PEACE AND REMEMBRANCE
The 80th anniversary of the dropping of the atomic bombs was marked at the Manhattan Project National Historical Park sites with lights for peace and reflection on the legacy of the atomic bombings. Los Alamos lit luminarias along Ashley Pond (photo above, courtesy of NPS), and Hanford displayed them in a park near the Columbia River. At Oak Ridge, sunrise was marked by ringing of the Friendship Bell.
In Hiroshima and Nagasaki, ceremonies honored the last remaining hibakusha [atomic bomb survivors] whose deepest hope is that “No one else shall ever again suffer as we have.” With an average age of 86, many worry that in 10 or 20 years there will be no one left to tell their stories.
The 2024 Nobel Peace Prize was awarded to Nihon Hidankyo, a Japanese grassroots organization that worked to make the world aware of the humanitarian consequences of using nuclear weapons. With the personal testimonies of the hibakusha, Nihon Hidankyo helped create “a powerful international norm stigmatizing the use of nuclear weapons as morally unacceptable.”

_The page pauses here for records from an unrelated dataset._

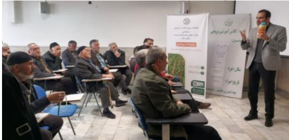
آشنایی کشاورزان پاکدشتی با جدیدترین روشهای کنترل و مبارزه با علف های هرز مزارع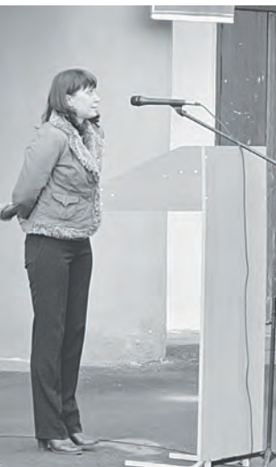
Самые теплые воспоминания звучали от одноклассников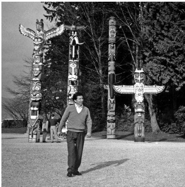
Tótems Kwakiult. Vancouver, 1996.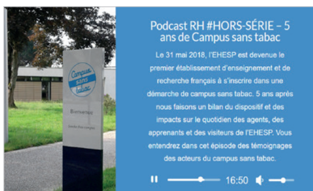
Podcast interne à l'EHESP pour fêter les 5 ans du campus sans tabac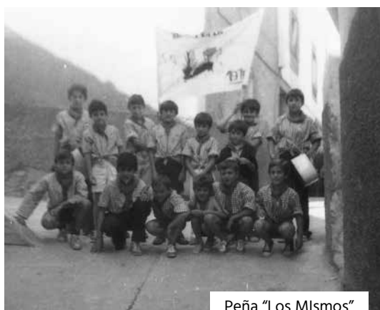
Peña "Los Mismos"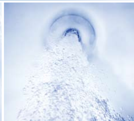
HK™12 Düsen bearbeiten die Problemzonen mit einem gezielten Wasserstrahl. Sinnvoll angeordnet bewirken sie so eine komplette Rückenmassage, wobei Intensität und Richtung der Wasserstrahlen variiert werden können.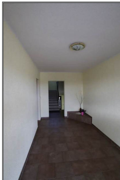
Teil des Eingangsbereichs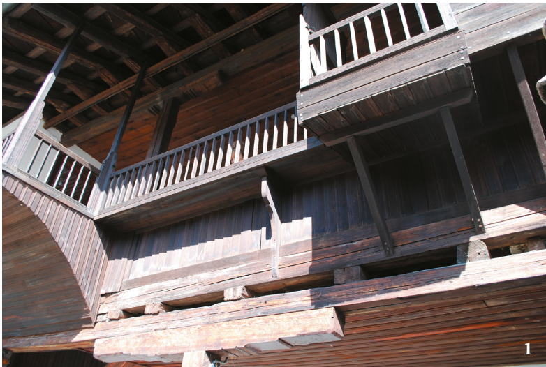
2. kép. Szarajevó, a 18. századi Svrzo-ház. 1: A fából készült emelet részlete; 2: Szemes kályha az emeleten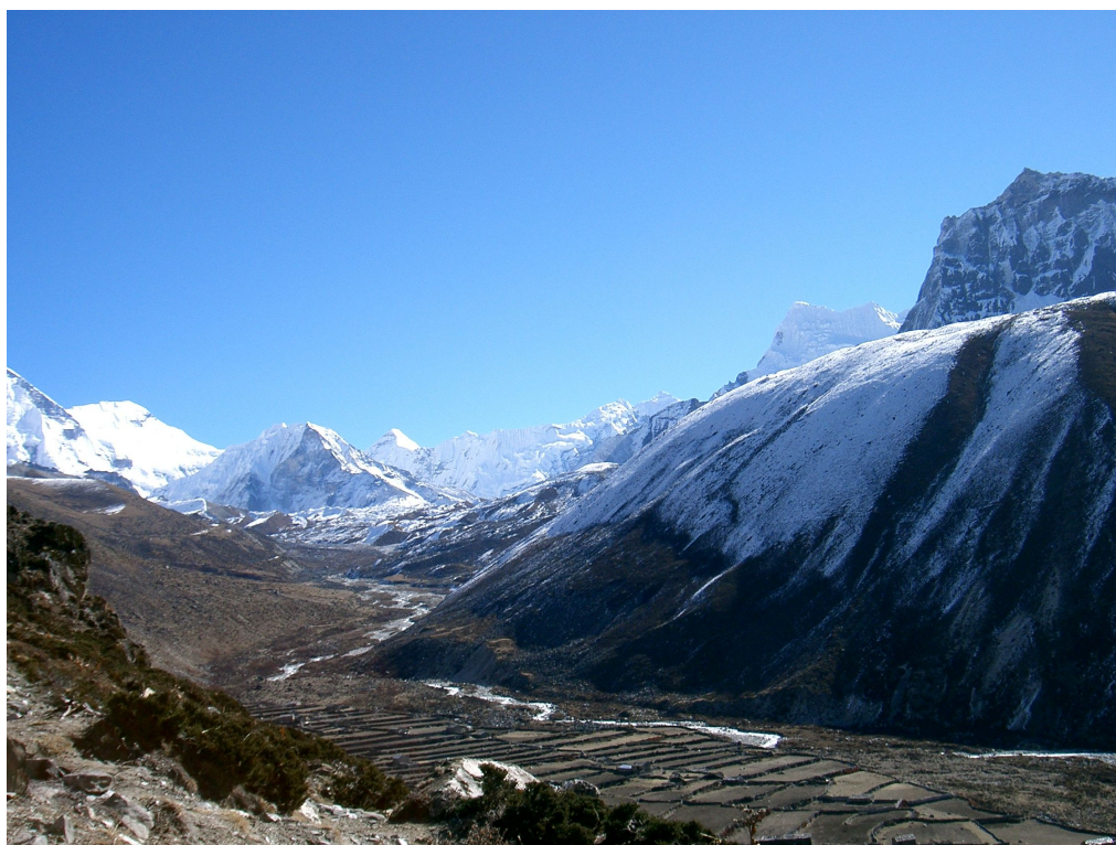
Das Tal von Chukung mit Blick zum Island Peak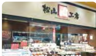
直売店 松山肉工房(アミナル松前内)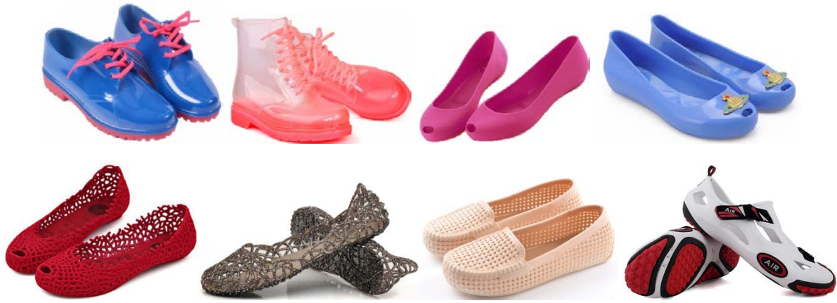
Рис. 8. Суцільнополімерне взуття китайських виробників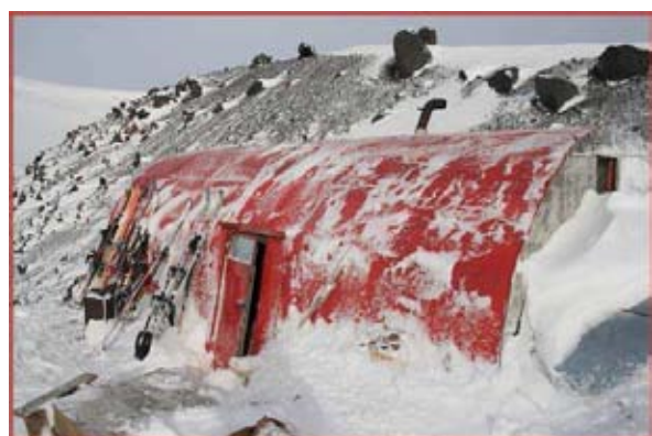
Хижина Дяди Коли

День 5. 22.05.2012 Акклиматизация на восточных склонах Эльбруса. Ночь в хижине.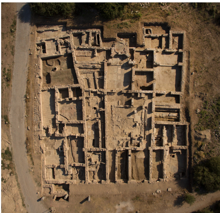
Figura 2 Efeso, Serapeo: foto aerea della scalinata d'accesso. In alto, sulla sinistra, è visibile il sondaggio da cui proviene uno dei due gruppi di ostraka.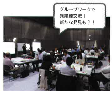
※ 平成 29 年度商品企画デザイン塾の様子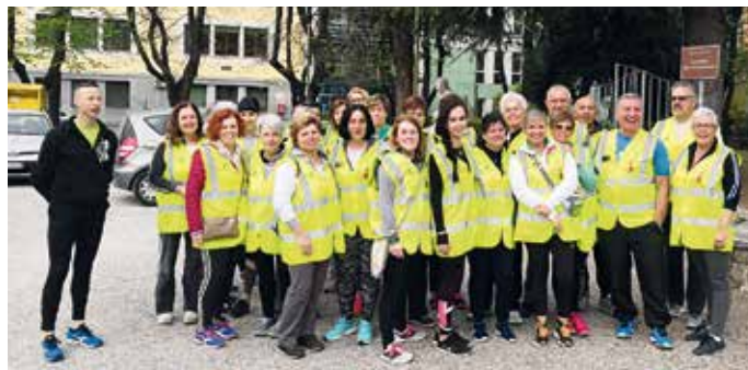
IL GRUPPO DI CAMMINO LONATESE

L'attività motoria regolare è un fattore di prevenzione per tutti, sottolinea l'assessore allo Sport Roberto Vanaria. «È dimostrato che riduce l'incidenza di malattie croniche, disturbi motori e incidenti domestici, camminare crea benessere psicofisico e favorisce la socialità. Muoversi fa bene sia al corpo che alla mente – conclude l'assessore – e, se la pratica è regolare,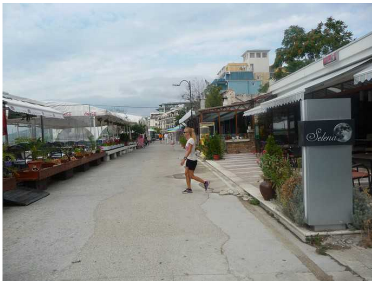
Slik ser det ut på strandpromenaden. Hotellet vårt til høyre.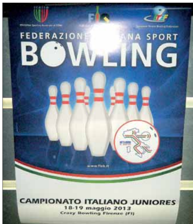
Crazy Bowling di Firenze 18-19 maggio 2013 Campionato Italiano Juniores.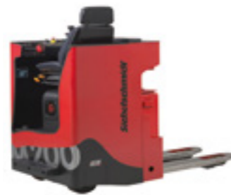
M200 EEx Quersitz-Gabelhubwagen

Der d130-T EEx mit einer Zugkraft von 3 Tonnen zeichnet sich durch extrem kompakte Abmessungen aus. Der Stand-Fahrerplatz mit Rückenlehne bietet dem Bediener hohen Komfort auch auf längeren Fahrstrecken.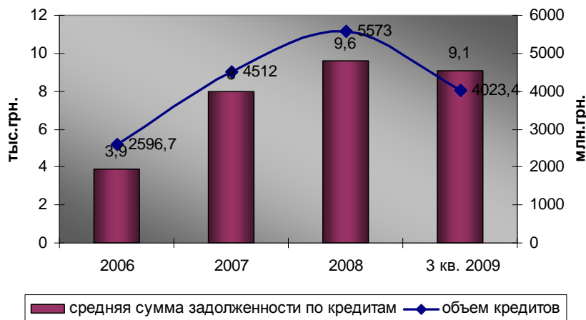
Рис. 3. Динамика кредитования КС своих членов и средняя задолженность заемщика кредитного союза

В 2008-2009 гг. темпы роста привлечения депозитных взносов опережали темпы роста активов, что обуславливалось увеличением резервных фондов для покрытия расходов от невозвращенных кредитов. В целом по Украине на протяжении 2006-2009 гг. общая сумма депозитных взносов увеличилась на 57 %.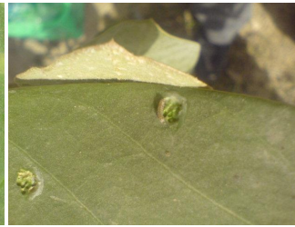
شکل ۲- لارو سن اول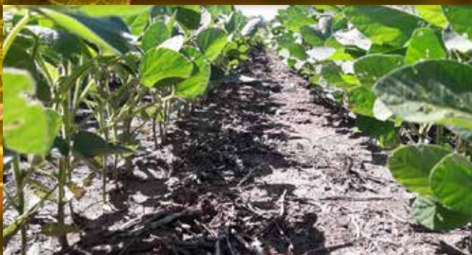
Tailwind 2,5 Lt/ha. 50 DDA. Victoria, ER.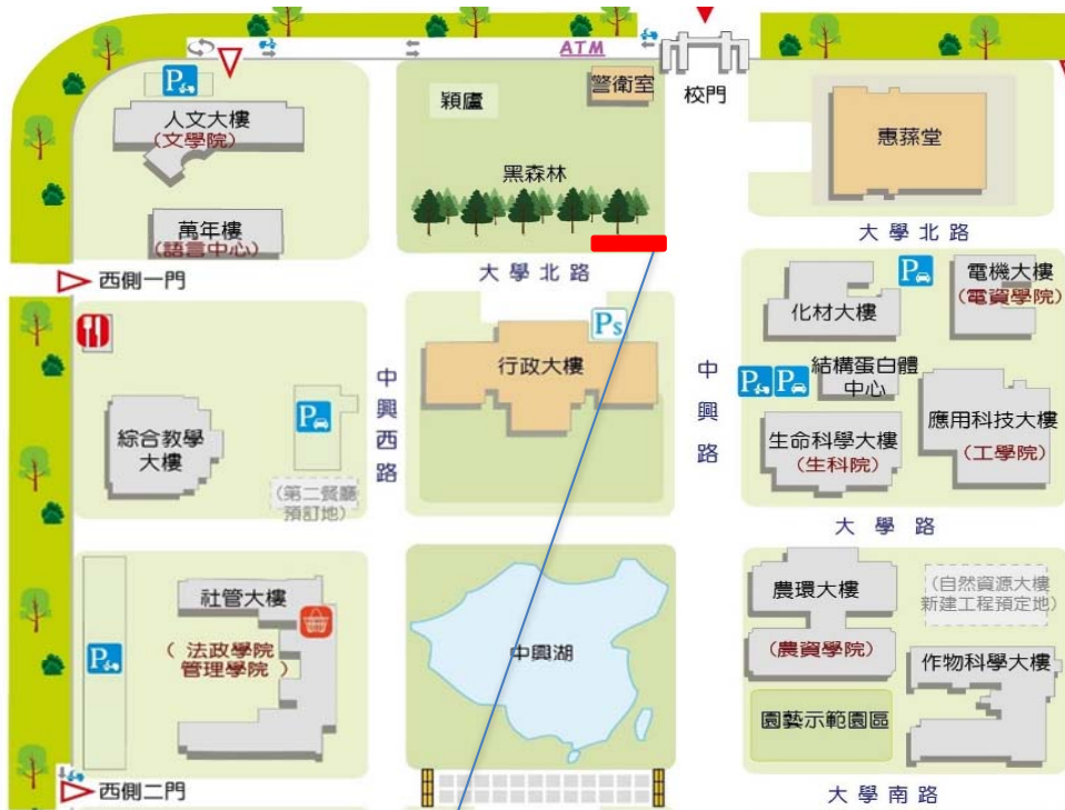
【黑森林步道南側前地下幹管施工施工處示意圖】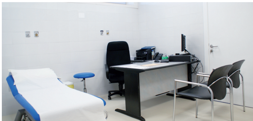
Una de les quatre noves consultes de traumatologia, situades a la planta baixa.

A l'octubre van entrar en funcionament quatre noves consultes de traumatologia. Ubicades a la planta baixa, a prop de l'accés principal a la Clínica, substitueixen i modernitzen les anteriors i ofereixen a pacients i especialistes espais nous, més funcionals i còmodes.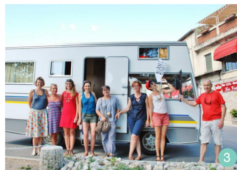
Tournée générale - Lanas

Après un premier test de dispositif qui a mis à l'épreuve des villes et villages traversés le concept d' acupuncture urbaine , ( Tournée générale ! , parcours en région Auvergne-Rhône-Alpes ponctué de rencontres, de diffusion culturelle et de captation d'expériences), Carton plein souhaite amplifier les scénarios de cette forme mobile d'intervention (écriture, scénographie, création de personnages, tests d'outils, etc.).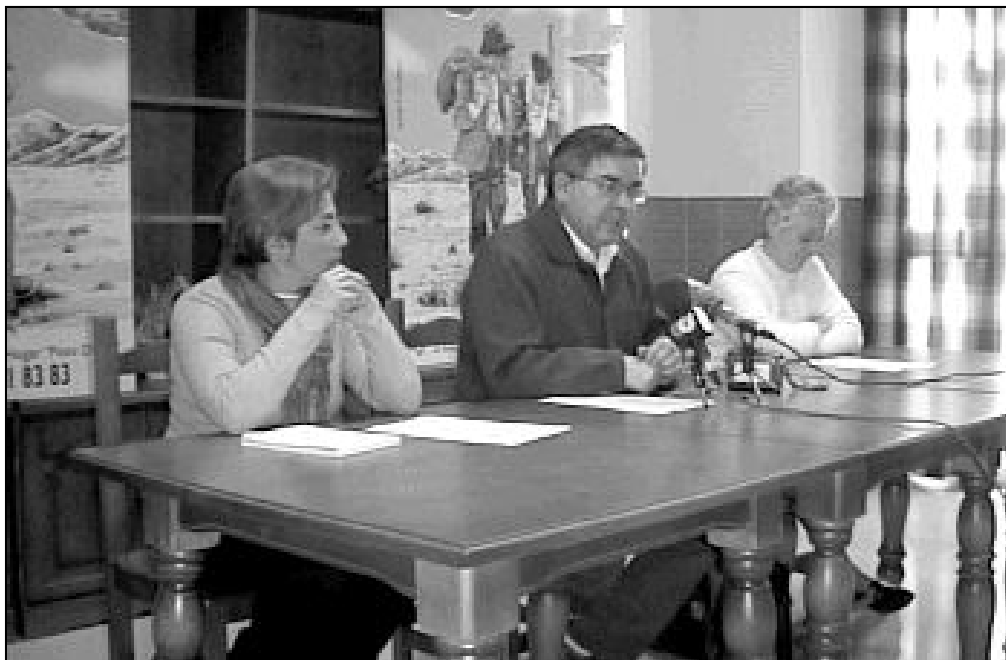
Rueda de prensa con motivo de la inauguración del Hogar Pozo Dulce, en diciembre pasado

Durante el año anterior a la apertura del Hogar se realizó, con la ayuda de un grupo de 22 voluntario, un Trabajo de Calle, en el que tomaron contacto con un grupo de 80 personas que pernoctaban de forma habitual en las calles de la capital.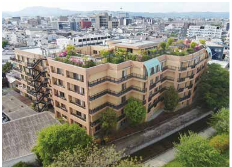
工事が完了した故郷の家・京都（2023年4月。ドローンによる撮影）

故郷の家・京都の外壁補修工事が4月30日に完了した。故郷の家・京都は2008年に建物が完成、翌年開設されたが、早くも12年2月には施工不良による外壁タイルの剥離が発生、その後も剥離や崩落が繰り返し起こっていた。安全対策のため17年8月には外壁タイル落下防止用養生ネットを正面付近に設置。その後19年には建物全体がネットで覆われるに至った。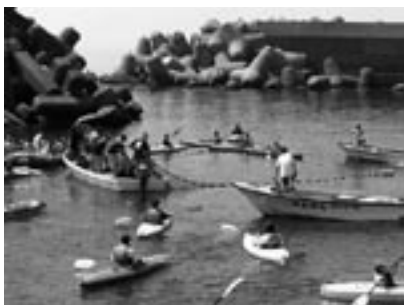
fig.2 カヌー（カヤック）体験

さて、この「おいでよ 海の学校へ」の活動を通してさまざまな課題が生まれました。受け入れとなる住宅をどうするのか。また、漁業以外に産業はありませんから、漁業以外の就業機会をどうするのか。単なる瞬間的な活動ではなくて、やはり計画的、継続的な活動でなければいけない。地域づくりを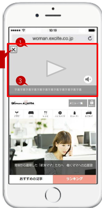
【ウーマンエキサイトTOP】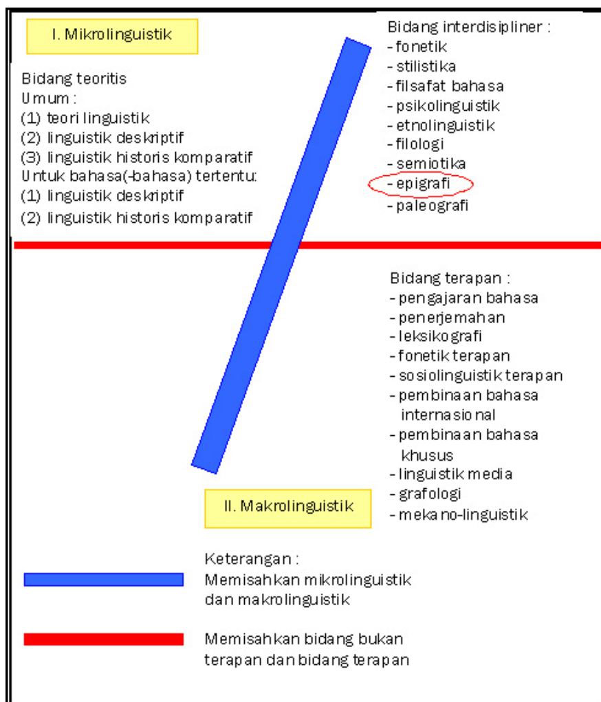
Gambar 1 Pembedaan Linguistik (Dikutip dari Harimurti Kridalaksana, 1982: xxviii)

Kajian terhadap tulisan di atas bahan (lazim disebut sebagai epigrafi) diperlukan sebuah jalinan metode dari berbagai disiplin seperti arkeologi, sejarah dan linguistik sebagai upaya mengenali kembali gejala-gejala kebudayaan di masa lampau. Sampai saat ini kajian epigrafi secara mandiri dapat disebut 'bukan milik siapa-siapa' di antara ketiga ilmu tersebut, meski secara akademis kajian epigrafi dimasukkan dalam kurikulum studi arkeologi. Disiplin sejarah dengan obyek studi tinggalan tertulis termasuk di dalamnya prasasti menempatkannya pada derajat kesaksian tertinggi karena prasasti ditulis pada masa yang sejaman dengan penulisnya, meski tak dapat diabaikan pula adanya prasasti yang ditulis ulang ( tinulad ). Adapun dengan arkeologi yang secara epistemologis - metodologis mengkategorikan epigrafi hanya sebagai ilmu bantu ( auxilliary science ) dalam rangka merekonstruksi perikehidupan manusia masa lampau melalui tiga paradigmanya. Untuk studi linguistik juga sama halnya. Berikut adalah bagan sederhana yang dikutip dari Harimurti Kridalaksana (1982) dalam kaitannya dengan pembedaan linguistik yang secara jelas menampakkan posisi epigrafi dalam studi linguistik secara keseluruhan,

On August 6, 2025 in the New York Times, Terumi Tanaka, chair of Nihon Hidankyo, called for more countries to join the United Nations Treaty on the Prohibition of Nuclear Weapons which went into effect in 2021. Tanaka worries that nations including Japan are increasing their reliance on nuclear deterrence as a military strategy.
“There is no such thing as protection by nuclear weapons….As President John F. Kennedy once said about the existential nature of the nuclear threat, “the weapons of war must be abolished before they abolish us.”
News reporting by Al Jazeera on August 6 (photo above) and the BBC TV New Channel on August 9 underscored the global interest in the 80th anniversary of the atomic bombings.
To recognize the anniversary, the Gilder Lehrman Institute of American History had a special Inside the Vault program on August 7. The program focused on several documents from the Substitute Alloy Materials (SAM) Laboratory at Columbia University and the nearby Nash Garage building. Under Harold Urey, John Dunning and colleagues developed the complex process used in the K-25 plant in Oak Ridge to produce enriched uranium.
Irving Kaplan and Francis Bonner organized the Association of Manhattan Project Scientists in New York City. The scientists feared a nuclear arms race and lobbied for civilian control of the Atomic Energy Commission. In November 1945, several like-minded associations formed the Federation of Atomic Scientists, soon to be renamed the Federation of American Scientists (FAS). Eighty years later, FAS is an active advocacy and research organization “keeping the world save since 1945.”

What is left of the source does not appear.